时间:2018-01-03 16:46:42

标签: performance haskell graph functional-programming

我正在解决以下problem,其本质上是#34;在Haskell中找到连接的无向加权图的直径"。现在,下面的解决方案产生了正确的答案,但超过了9/27测试的时间限制。我远离Haskell神童,你们能不能使用内置的Data.Graph模块来告诉我是否以及如何提高解决方案的性能?我尝试在某些地方使用累加器参数,严格配对和严格评估,但要么我使用不正确,要么性能问题在其他地方。提前谢谢!

import qualified Data.Map as Map
import qualified Data.Set as Set
import Data.List (maximumBy)
import Data.Ord (comparing)

buildGraph :: [Int] -> Map.Map Int [(Int, Int)] -> Map.Map Int [(Int, Int)]
buildGraph [] acc                  = acc
buildGraph (from:to:dist:rest) acc = let withTo = Map.insertWith (++) from [(to, dist)] acc
                                        withFromTo = Map.insertWith (++) to [(from, dist)] withTo
                                        in buildGraph rest $ withFromTo

data Queue a = Queue {
                ingoing :: [a]
                , outgoing :: [a]
            } deriving Show

toQueue xs = Queue [] xs
enqMany xs (Queue is os) = (Queue (reverse xs ++ is) os)
deq (Queue is []) = deq (Queue [] $ reverse is)
deq (Queue is (o:os)) = (o, Queue is os)

extract :: (Ord a) => a -> Map.Map a [b] -> [b]
extract k m = case Map.lookup k m of
                    Just value -> value
                    Nothing    -> error "sdfsd" -- should never happen

bfs node graph = bfs' Set.empty (toQueue [(node, 0)]) []
    where
        bfs' :: Set.Set Int -> Queue (Int, Int) -> [(Int, Int)] -> [(Int, Int)]
        bfs' visited (Queue [] []) acc = acc
        bfs' visited que acc = let ((n, dist), rest) = deq que
                                    in if Set.member n visited
                                            then bfs' visited rest acc
                                            else let children = map (\(i, d) -> (i, d + dist)) $ extract n graph
                                                    newNodes = enqMany children rest
                                                    in bfs' (Set.insert n visited) newNodes ((n, dist):acc)
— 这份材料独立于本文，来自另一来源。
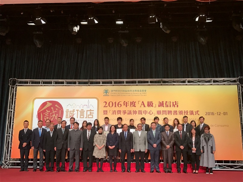 消委會舉行2016年度A級“誠信店”暨“消費爭議仲裁中心”顧問聘書頒授儀式,該會向12間A級“誠信店”頒發獎座予以表揚,並向逾千間“加盟商號”發出2017年度的“誠信店”標誌。

findMostDistant xs = maximumBy (comparing snd) xs

solve input = answer
    where
        -- the first number is the number of edges and is not necessary
        (_:triples) = map read $ words input
        graph = buildGraph triples Map.empty
        -- pick arbitary node, find the farther node from it using bfs
        (mostDistant, _) = findMostDistant $ bfs (head triples) graph
        -- find the farthest node from the previously farthest node, counting the distance on the way
        (_, answer) = findMostDistant $ bfs mostDistant graph

tests = [
            "11 2 7 2 1 7 6 5 1 8 2 8 6 8 6 9 10 5 5 9 1 9 0 10 15 3 1 21 6 4 3" -- 54
            , "5 3 4 3 0 3 4 0 2 6 1 4 9" -- 22
            , "16 2 3 92 5 2 10 14 3 42 2 4 26 14 12 50 4 6 93 9 6 24 15 14 9 0 2 95 8 0 90 0 13 60 9 10 59 1 0 66 11 12 7 7 10 35" -- 428
        ]

runZeroTests = mapM_ print $ map solve tests

main = do
    answer <- solve <$> getContents
    print answer

3 个答案:

答案 0 :(得分:2)

我认为

deq (Queue [] [])会导致无限循环。

答案 1 :(得分:1)

当我解决Haskell中的竞赛问题时,通常最大的性能问题是慢速I / O库,它在宽字符的惰性线性链表上运行。我总是为编程竞赛做的第一件事是用快速I / O替换它,

这是一个对程序逻辑进行微小更改的版本,只是用Data.ByteString.Lazy.Char8替换I / O,使用延迟评估的严格字节数组列表实现,Data.ByteString.Builder构建一个用于填充输出缓冲区的函数。仅从快速I / O计算加速量应该是有用的。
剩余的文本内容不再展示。